The speed of the ball when it hits the ground is v = -v0.
Explanation:
The height and velocity of the ball is given by the following equations:
y = y0 + v0 · t + 1/2 · g · t²
v = v0 + g · t
Where:
y = height of the ball at time t
y0 = initial height
v0 = initial velocity
t = time
g = acceleration due to gravity (-9.8 m/s² considering the upward direction as positive).
v = velocity at time t
When the ball is at max height, the velocity is 0. So, let´s find the time at which the velocity of the ball is 0.
v = v0 + g · t
0 = v0 + g · t
t = -v0/g
Now, replacing t = -v0/g in the equation of height, we will obtain the maximum height:
y = y0 + v0 · t + 1/2 · g · t² (y0 = 0 because the origin of the frame of reference is located on the ground)
y = v0 · t + 1/2 · g · t²
Replacing t:
y = v0 · (-v0/g) + 1/2 · g · (-v0/g)²
y = -(v0²/g) + 1/2 · (v0²/g)
y = -1/2 (v0²/g)
The max height of the ball is y = -1/2 (v0²/g). Remember that g is negative.

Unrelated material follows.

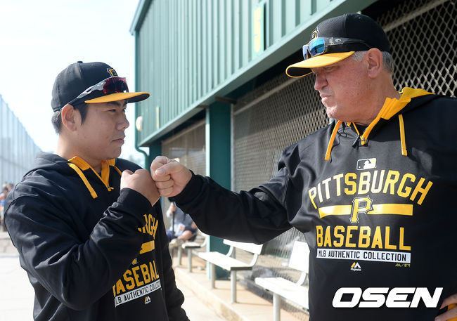 강정호가 클린트 허들 감독과 주먹인사를 하고 있다.
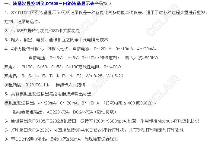 SY-DT609Y,SY-DT609R,SY-DT609YT,SY-DT609RT,SY-DT609YS,DT609三回路液晶顯示控制儀

Since the acceleration of the ball is always the same, the time it takes the ball to impact the ground will be twice the time it takes to reach its max height, t = -2 v0/g.
However, let´s calculate that time knowing that at that time the height is 0:
y = y0 + v0 · t + 1/2 · g · t²
0 = v0 · t + 1/2 · g · t²
0 = t · ( v0 + 1/2 · g · t)
0 = v0 + 1/2 · g · t
-2 · v0/g = t
It takes the ball t = -2 · v0/g to hit the ground.
Let´s use the equation of velocity at final time (t = -2 · v0/g):
v = v0 + g · t
v = v0 + g · ( -2 · v0/g)
v = v0 - 2· v0
v = -v0
The speed of the ball when it hits the ground is v = -v0.